The heterogeneity within the different cell types was further explored by separate PCAs for each cell type (Appendix Fig S1). Particularly for endocrine cells, heterogeneity was mainly driven by expression differences of marker genes as identified in the initial cell type classification by PCA, suggesting that these cell types are characterized by a spectrum of marker gene expression levels. While this analysis provides evidence for transcriptional heterogeneity, more cells are needed to thoroughly characterize subgroups within the different cell types.

A transcriptome resource to reveal marker genes of human pancreatic cell types

To maximize the utility of our dataset for the identification of cell type‐specific expression patterns, we generated a resource of genome browser tracks of all individual cells as well as cumulative tracks for the cell type clusters identified by PCA (http://islet-transcriptome.computational-epigenetics.org/). One interesting use of this resource is the analysis of master regulatory transcription factors, which are fundamental for the development and the maintenance of different pancreatic cell types based on animal models and human genetics. The genome browser tracks illustrate the beta cell‐specific expression of PDX1, a master regulatory transcription factor directly controlling insulin expression. In contrast, the alpha lineage‐defining factor ARX is expressed in both alpha and some PP cells (Fig 2A and Appendix Fig S2). Other transcription factors that are important for pancreas development have different degrees of cell type‐specific expression in mature human islets, including pan‐endocrine (PAX6), beta cell‐specific (PAX4), and duct/delta (HHEX) patterns (Fig 2B). While MAFA is transcribed in beta cells specifically, we observed robust MAFB expression in alpha, beta, and delta cells. Half of the beta cells studied expressed MAFA and MAFB concomitantly. In addition to these previously described factors, we also observed cell type‐specific expression for transcriptional regulators, which have not yet been extensively characterized in the endocrine pancreas. For example, MORF4L1 shows a similar pan‐endocrine pattern to the canonical islet cell marker NEUROD1 (Fig 2C). A subset of alpha cells express IRX2 (Fig 2D), some beta cells show high expression of polycomb ring finger oncogene (BMI1) (Fig 2E), and PP cells can be characterized by the transcription factors ETV1 and MEIS1 (Fig 2F).
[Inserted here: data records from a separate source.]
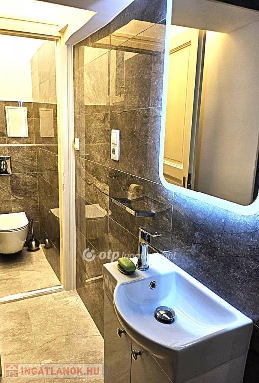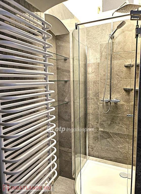 Elosztása: konyha, fürdőszoba, kamra, nappali és hálószoba. Közel 4 méteres belmagasságának köszönhetően, esztétikusan galériázható, akár belső 2 szintes lakássá alakítható. Főbb jellemzők: modern, felső kategóriás gépekkel felszerelt konyhabútor, a hálószobában világítással ellátott beépített szekrény, egyedi design radiátorok, klímaberendezés, korszerű cirkó kazán fűtés, hatalmas ablakok, elektromos redőnyök.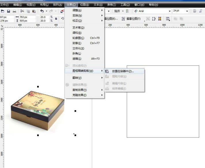 (3)选中要放到线框里面的产品点效果——选择图框精准线——点击放置在容器内,如图5-28所示。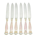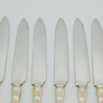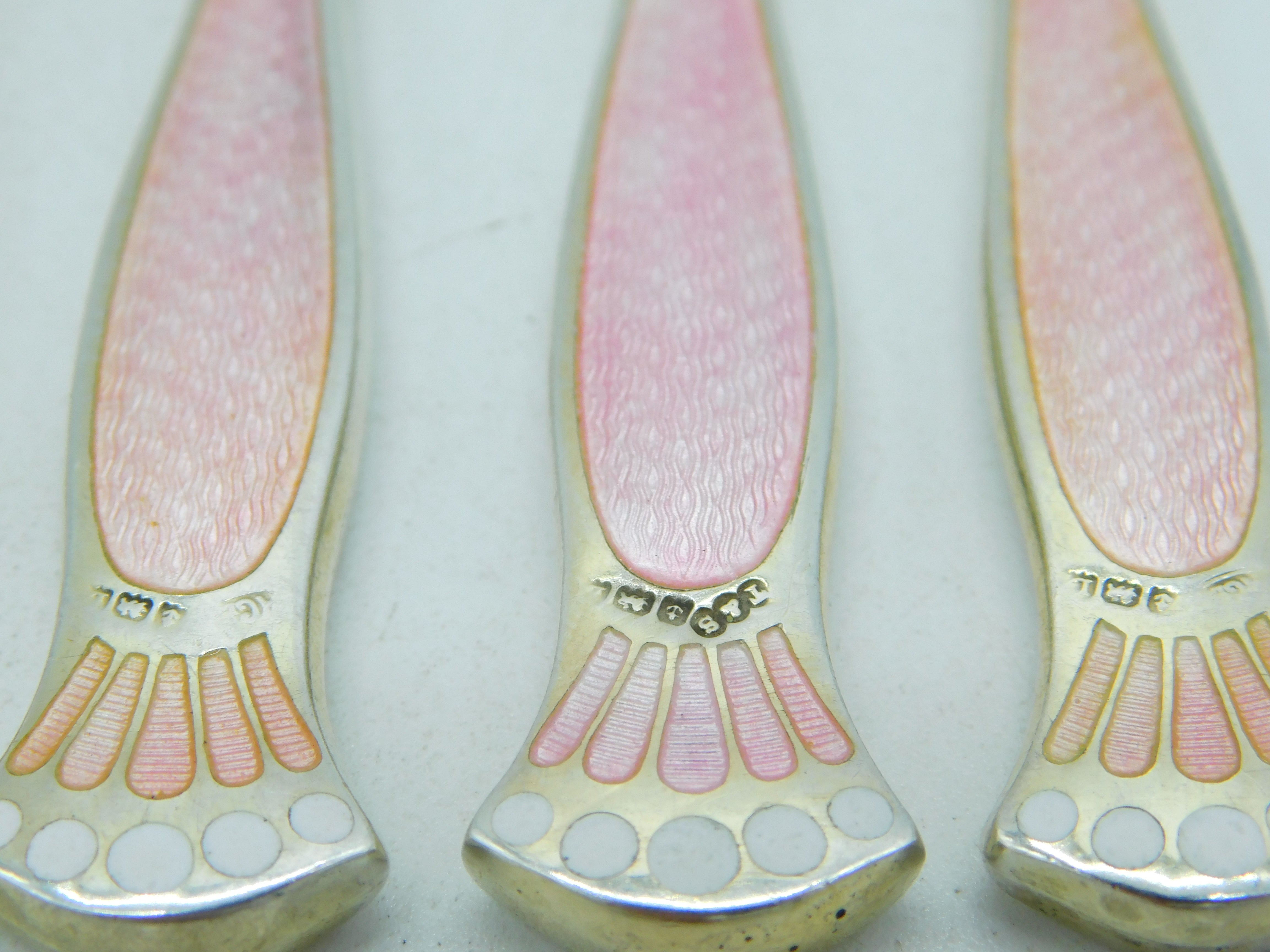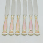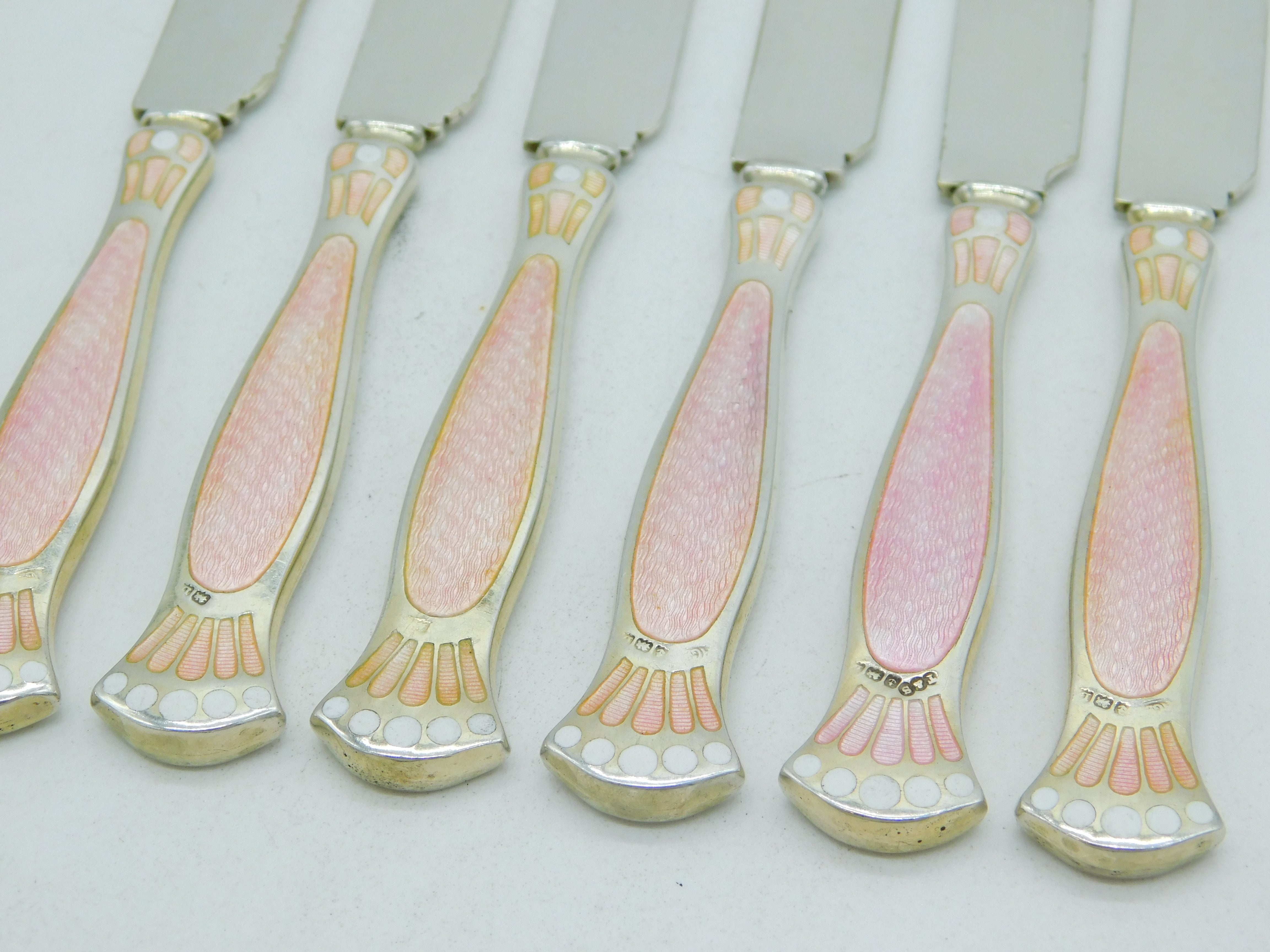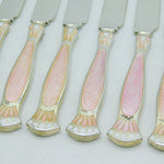 Set of Sterling Silver Pink Enamel Ladies Cake Knives Antique 1935 Birmingham Art Deco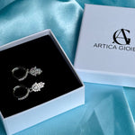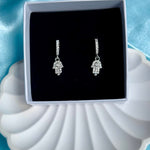 Eleganti orecchini a cerchietto in acciaio inossidabile, arricchiti da una fila di pietre di zirconia e un pendente a forma di Mano di Fatima. Un simbolo di protezione e stile, perfetto da indossare ogni giorno o per aggiungere un tocco spiritual-chic al tuo look.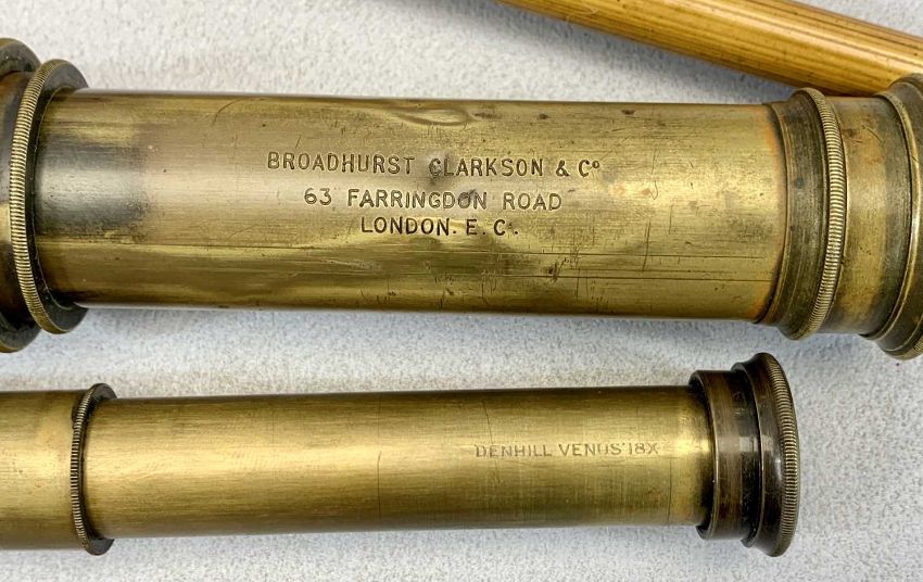 BROADHURST CLARKSON & CO LONDON brass and leather covered three drawer telescope, early 20th century, 30cms L closed, a brass and leather covered three draw telescope, early 20th century, 16cms L closed, in pig skin carry case, bamboo swagger stick, the nickel cap engraved with Royal Welsh Fusiliers crest, 67cms L, a bamboo riding crop with leather lash, 41cms L and a Protector Lamp & Light Co brass and steel patent miner's safety lamp with steel hoop, 24cms H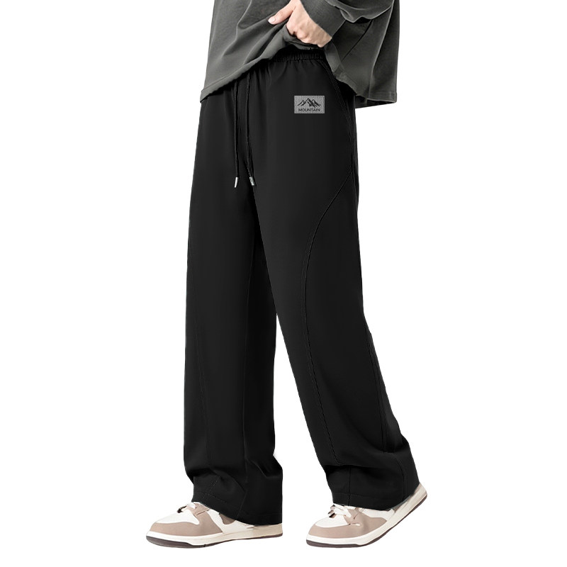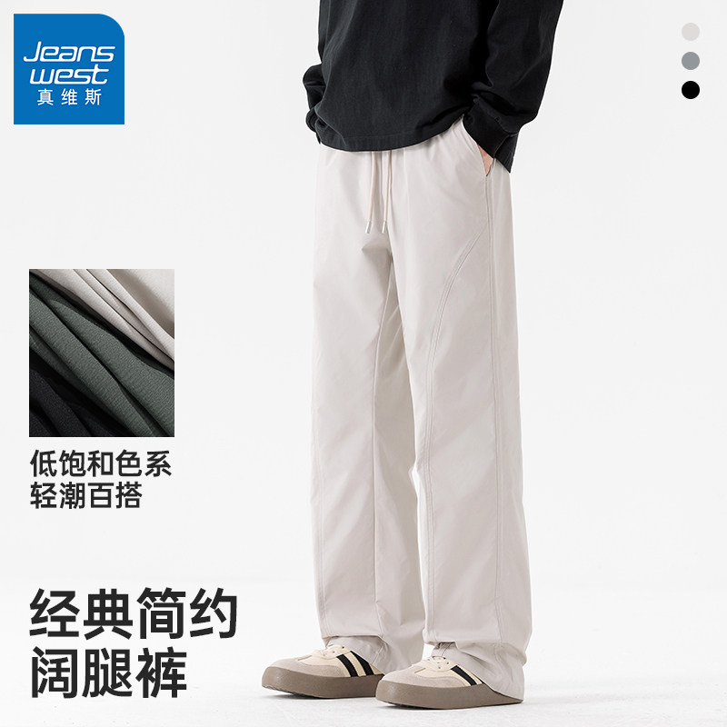 GV真维斯黑色裤子男春秋季宽松休闲直筒长裤男士垂感百搭阔腿裤A

Figure 2. Expression of cell type‐specific transcription factors at single‐cell resolution.

Figure 2

  • A
    Merged UCSC Genome Browser tracks for the PDX1 and ARX loci. The respective tracks for all single cells are presented in Appendix Fig S2.
  • B
    Relative expression (scaled RPKM value) of important transcription factors represented by bubble size and projected onto the MDS profile.
  • C–F
    Cell type‐specific expression of pan‐endocrine (C), alpha cell (D), beta cell (E), and PP cell (F) transcription factors (red bar: mean expression). The statistical significance of the differential gene expression is presented in Appendix Fig S6.

We further performed pairwise correlation analysis on transcript level to identify genes, of which the expression profiles correlate highly (r > 0.9) with those of the endocrine marker genes INS, GCG, SST, and PPY (Fig EV3). While several highly correlated genes could be identified for INS and SST (e.g., zinc transporter SLC39A4 and Notch pathway component DLK1 for INS and transcription factors NKX6‐3, ZNF430 for SST), the expression profiles of GCG and PPY did not show high correlation with any other genes.

Figure EV3. Assessing pairwise correlation of endocrine marker genes.

Figure EV3

Correlation matrix displaying all genes (y‐axis) that are highly correlated (r > 0.9) with at least one of the endocrine marker genes (x‐axis). Different transcripts of the same gene are indicated by “Tx”.

To extend our analysis beyond transcription factors and known marker genes, we performed pairwise comparisons of cell type‐specific transcriptomes by gene set enrichment analysis (Dataset EV3). Interestingly, we observed strong enrichment of a gene set containing the REST‐binding motif in all endocrine cell types compared to acinar and ductal cells (Fig 3A). Most genes that contain the REST motif in their promoters are expressed in alpha, beta, delta, and PP cells, whereas they are repressed in ductal and acinar cells (Fig 3B). The transcriptional repressor REST targets the REST‐binding motif. In line with the target gene expression pattern, REST is specifically expressed in ductal and acinar cells (Fig 3C and Appendix Fig S3).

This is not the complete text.